Methodology in time: experience, information, analysis and production rythm
coordinators_
MARTA BADIOLA RAMOS has been trained as an architect and urban planner at the Polytechnic University of Madrid, ETSAM, where she completed her Master’s degree, winning the COAM (Official School of Architects of Madrid) Award 2014 in the category of Urbanism with her Final Thesis Project, titled: OverWrite, re-thinking Madrid’s urban fabric. Marta has worked with TXT Arquitetos and the NGO Um Têto Para Meu Pais in Sao Paulo, Hassel Architects in Shanghai and Izaskun Chinchilla Architects in Madrid. Despite her young age Marta has already established her own practice, with interests in research, urbanism and the domestic scale, always with an international approach. She has been involved in the organization and teaching of several workshops in cities like Madrid, Barcelona, Ahmedabad (India) and Struga (Macedonia).

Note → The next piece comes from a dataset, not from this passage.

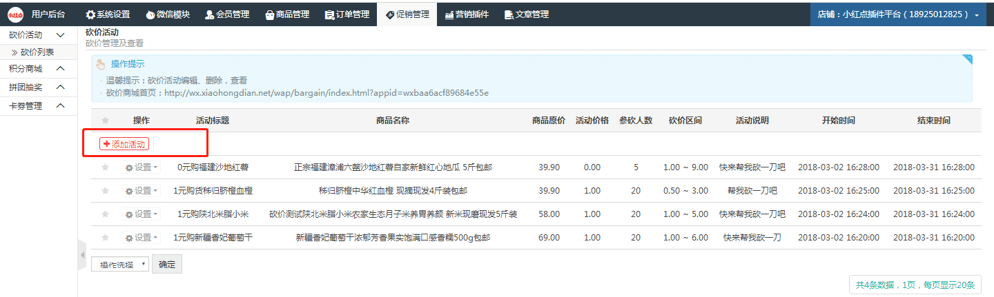 三、商品添加完成后进入:促销管理->砍价活动->砍价列表->添加砍价活动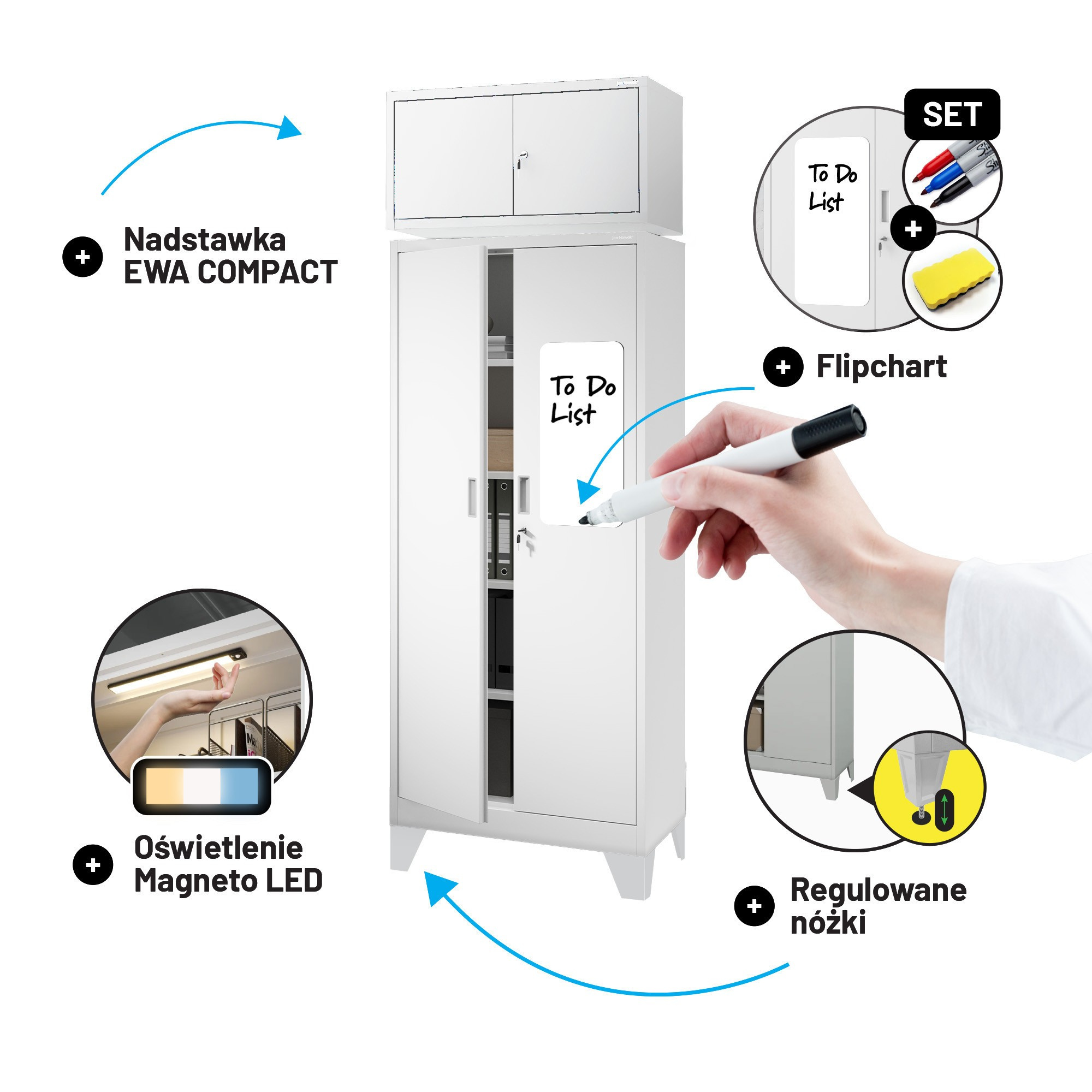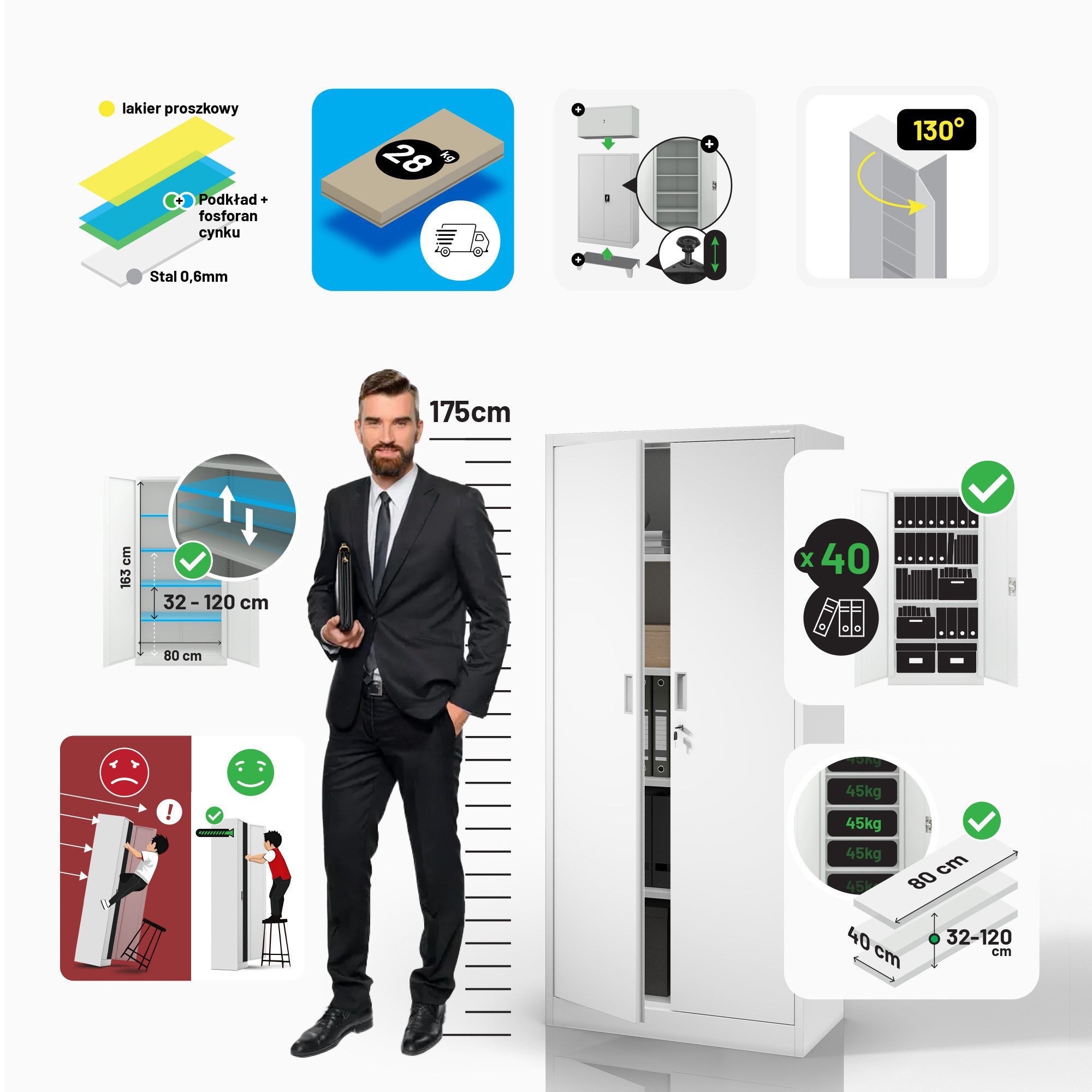 Kovová skříň JAN Compact 1750 x 800 x 400 mm, bílá

JORGE PIZARRO MONTALVILLO is an architect and urban planner graduated at the Polytechnic University of Madrid, ETSAM where he completed his Master’s degree in 2014 with honours in his Final Thesis Project under the title Ahmedabad: urban fabrics in conflict. He has collaborated with architectural practices like Estudio SIC and HUSOS Architects, developing projects in Madrid and at the Bauhaus in Dessau. Recently, he has been involved in a research about In-stitutional and Ex-titutional Real Estate Processes in Madrid in collaboration with Vivero de Iniciativas Ciudadanas and PAH Madrid (a platform for the affected by mortgages) within the ARCHIPRIX 2015 Workshop where he leaded a group of international students.